En la fachada de su casa refugio, la pintora y ceramista Omaira ha dibujado un árbol de grandes proporciones; un indicador perfecto para llegar a su hotelito. Delante está esperándonos Antonio, don Antonio a partir de este momento. Así podremos distinguirlo de los otros dos Antonios (el Conseguidor y el Estoico) que llevamos en el grupo. La furgoneta que ha traído, una Mercedes Benz, tiene un “aspecto” impecable, 18 plazas y un amplio maletero en el que cabe con holgura el equipaje. Don Antonio tiende a obeso, fortachón, rechoncho; es grandote, ronda los 40 años y ha engendrado 7 hijos ¡siete ya! con un par de mujeres. Y aún engendrará alguno más, supongo, pues, por lo que cuenta y observamos en el tiempo de viaje que compartimos con él, no da puntada sin hilo.
Tras las presentaciones de rigor y sentida despedidas de Omaira (que antes de partir nos enseña su casa y sus trabajos artísticos) abandonamos la ruidosa Bogotá hacia Villa de Leyva. Tenemos por delante 165 km a recorrer por la nacional 55 y la ruta 60.
Dejamos atrás la mega ciudad de Bogotá para adentrarnos en una orografía en continuo sube y baja. Pueblos pequeños, granjas y, por lo que se ve a primera vista, un mundo rural todavía en desarrollo. Las tres horas de viaje previstas resultan más de cuatro pues nos lo tomamos con calma. No hay demasiado tráfico y don Antonio conduce despacio, con prudencia. En el desvío para tomar la ruta 60 hacia Samacá, kilómetros antes de Tunja, nos detenemos en el arcén para comprar melocotones, recién cortados del árbol, a una campesina; tienen el sabor recio y dulzón de aquellos que, escasamente maduros, comía de niño en el pueblo.
A la caída de la tarde llegamos a Villa de Leyva. Enseguida se comprende por qué estamos aquí; que no es sólo para hacer senderismo en el Parque Nacional de Iguaque, sino, principalmente, por la singularidad y belleza que encierra la villa. Es como si el tiempo se hubiera detenido y las casas, levantadas cuatro siglos atrás, estuvieran en hibernación. ¡Todas se parecen! Muchas han sido restauradas conservando la forma y sabor colonial. No tienen más de dos alturas y lucen aún las jambas, dinteles, rejería, aleros y aquellos viejos portones de madera.
La casa que reservamos ayer está cerrada a cal y canto. Llamamos por teléfono y la chica que contesta al otro lado del hilo dice que viene a buscarnos para conducirnos al hotel Las Palmas, un caserón restaurado, recién inaugurado como hotel.
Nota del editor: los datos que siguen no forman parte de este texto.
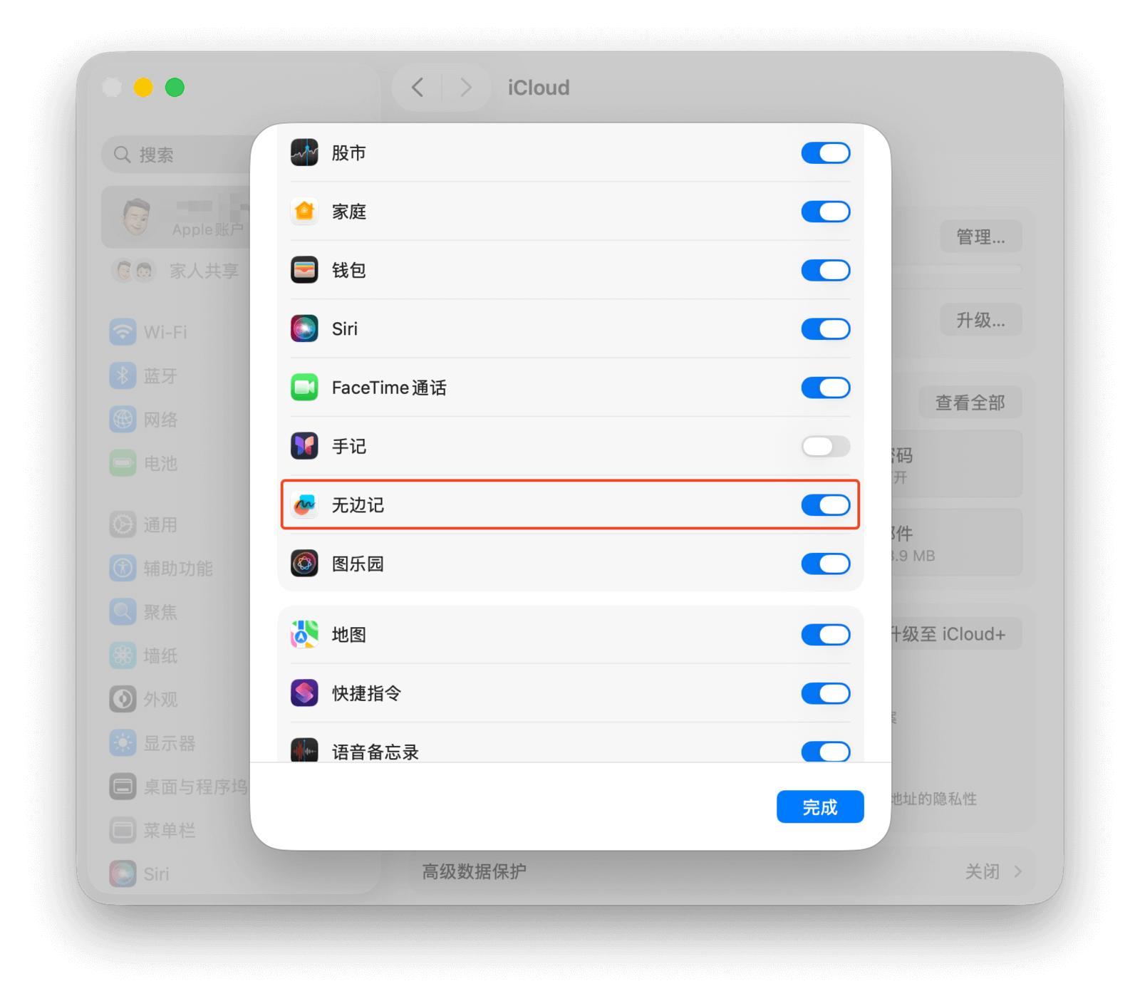 需要注意的是,无边记的 iCloud 同步服务需要手动开启。只有分别在 macOS、iOS、iPadOS 系统的 iCloud 设置中开启无边记的同步权限,才能在无边记 App 中看到同一 Apple ID 账号下其他设备上的画板内容。

Ya se sabe que lo nuestro es resolver sobre la marcha, ya sea alojamiento, traslados, o qué hacer cuando llegamos a un lugar… Gestionar la indecisión y las dudas nos ocupan nuestro tiempo. Pero lo tenemos asumido; es nuestra forma de viajar. Asimismo, aceptamos que ese constante discernir, dudar continuamente o disentir sobre un hecho o una situación, como si cada uno de los diez que conformamos el grupo estuviese enredado en su propia madeja, forma parte de nuestra aventura. Podemos enfrascarnos varias horas con argumentaciones bizantinas antes de tomar la decisión más peregrina o hablar cuatro o cinco a la vez, pero aceptamos que esta es la argamasa que sustenta nuestra forma de andar por el mundo; es la forma de ir de la ceca a la meca sin alterarnos. A cambio de ese tiempo empleado en poner orden y dar luz a mil galimatías, gozamos de absoluta libertad para que cada cual haga lo que le plazca, ir dónde quiera y cómo quiera y… no por eso el grupo se rompe o alguien se enfada. Puede que nuestra experiencia viajera desde fuera se imagine agotadora; confusa desde luego –y a veces lo es, claro–. Pero tenemos asumido que funcionamos así, y a la larga nos compensa. La alternativa, si se desatara el conflicto, es agarrarse a la filosofía del pez: sangre fría y que lo que no te guste te resbale.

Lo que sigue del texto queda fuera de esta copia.